Paris: City of Refuge

17 septembre, 2016|0 Comments

main and article photos: Place de la République via wikipedia commons
main photo and article photos: Centenary students in Paris via Dana Kress

Saviez-vous que la Place de La République fait partie des nombreux lieux qui relient la France, Paris et la Louisiane? Pendant les journées du patrimoine 2016 (17-18 septembre), des milliers de personnes visiteront des sites autour de la Place de la République. Nous vous invitons à vous arrêter un instant et à (re)découvrir un élément du patrimoine important dans l’histoire de ce peuple créole venu trouver refuge en France à travers l’histoire de quelques uns d’entre eux.

Le professeur Dana Kress du Centenary College (Shreveport, Louisiane) donne chaque année un cours à Paris pour des étudiants louisianais dans le cadre du programme Centenary in Paris intitulé « Paris noir: l’Amérique noire dans la Ville Lumière». Ses étudiants découvrent l’importance de la France pour les gens de couleur libres,  francophones et francophiles, qui vivaient principalement à la Nouvelle-Orléans, entre le monde des blancs et celui des esclaves.

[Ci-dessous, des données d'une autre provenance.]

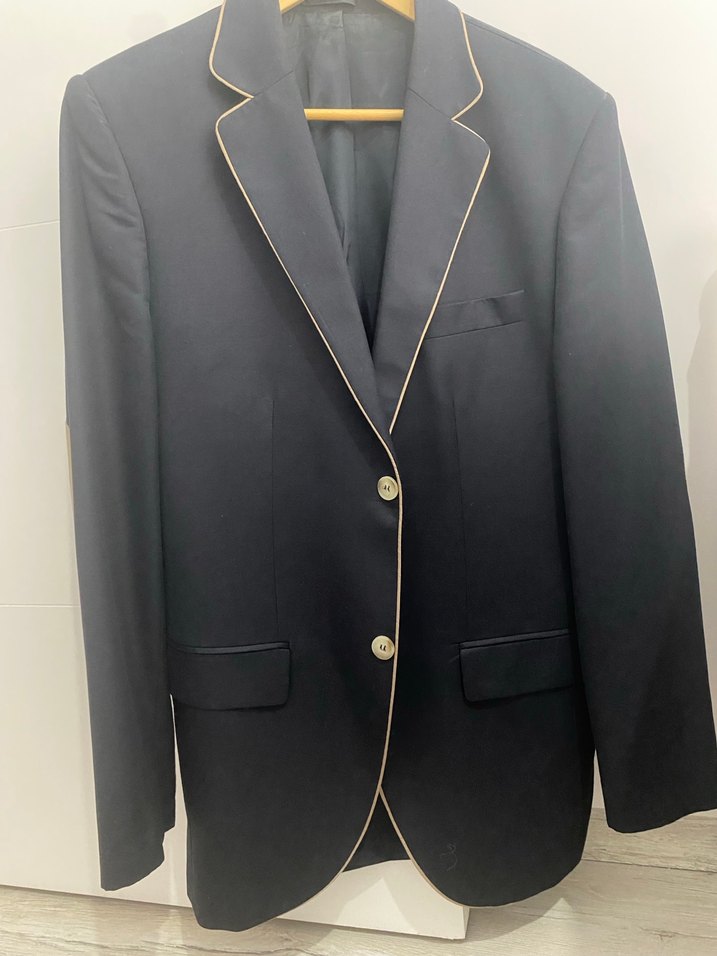 Altın renkli, modern klasik tarzda erkek ceket. Notch yaka, düğmeli, uzun kollu ve klasik kesimdir. İş ve ofis için uygundur. ✨size50 drop 6

Après la vente de la Louisiane en 1802, les gens de couleur libres ont perdu un statut légal qui existait depuis la promulgation du Code noir de 1724, un édit du roi Louis XIV pour les esclaves en Louisiane.  En article 54 on peut lire: Octroyons aux affranchis les mêmes droits, privilèges et immunités dont jouissent les personnes nées libres ». Or après 1802, les gens de couleur libres étaient progressivement privés de leurs droits. En 1830, ils n’avaient plus le droit de témoigner contre un blanc.  En 1855, ils ne pouvaient pas se réunir ou former des associations, vendre de l’alcool ou tenir un café.  En 1857, la libération des esclaves était interdite et les gens de couleur libres se voyaient obliger de porter des laissez-passer  et d’observer des couvre-feux.

Un nombre important de cette population a fait ses études en France à une époque où il existait peu d’opportunités d’éducation aux États-Unis. Parmi ceux-là, citons Norbert Rilleux (1806-1904), un cousin de la mère d’Edgar Degas, parti jeune pour la France. Ingénieur doué, il enseigne à l’Ecole Centrale à l’âge de 24 ans. De retour en Louisiane, il invente un procédé qui révolutionne la production de sucre.  Il  finit ses jours en France et repose au cimetière Père Lachaise.

Certaines personnes supportaient très mal une situation raciale de plus en plus difficile en Louisiane et restaient en France comme « réfugiés volontaires ». Parmi ceux-là, on trouve Michel Séligny (1807-1867). Auteur à succès en France, il a écrit de nombreux feuilletons pour des journaux français.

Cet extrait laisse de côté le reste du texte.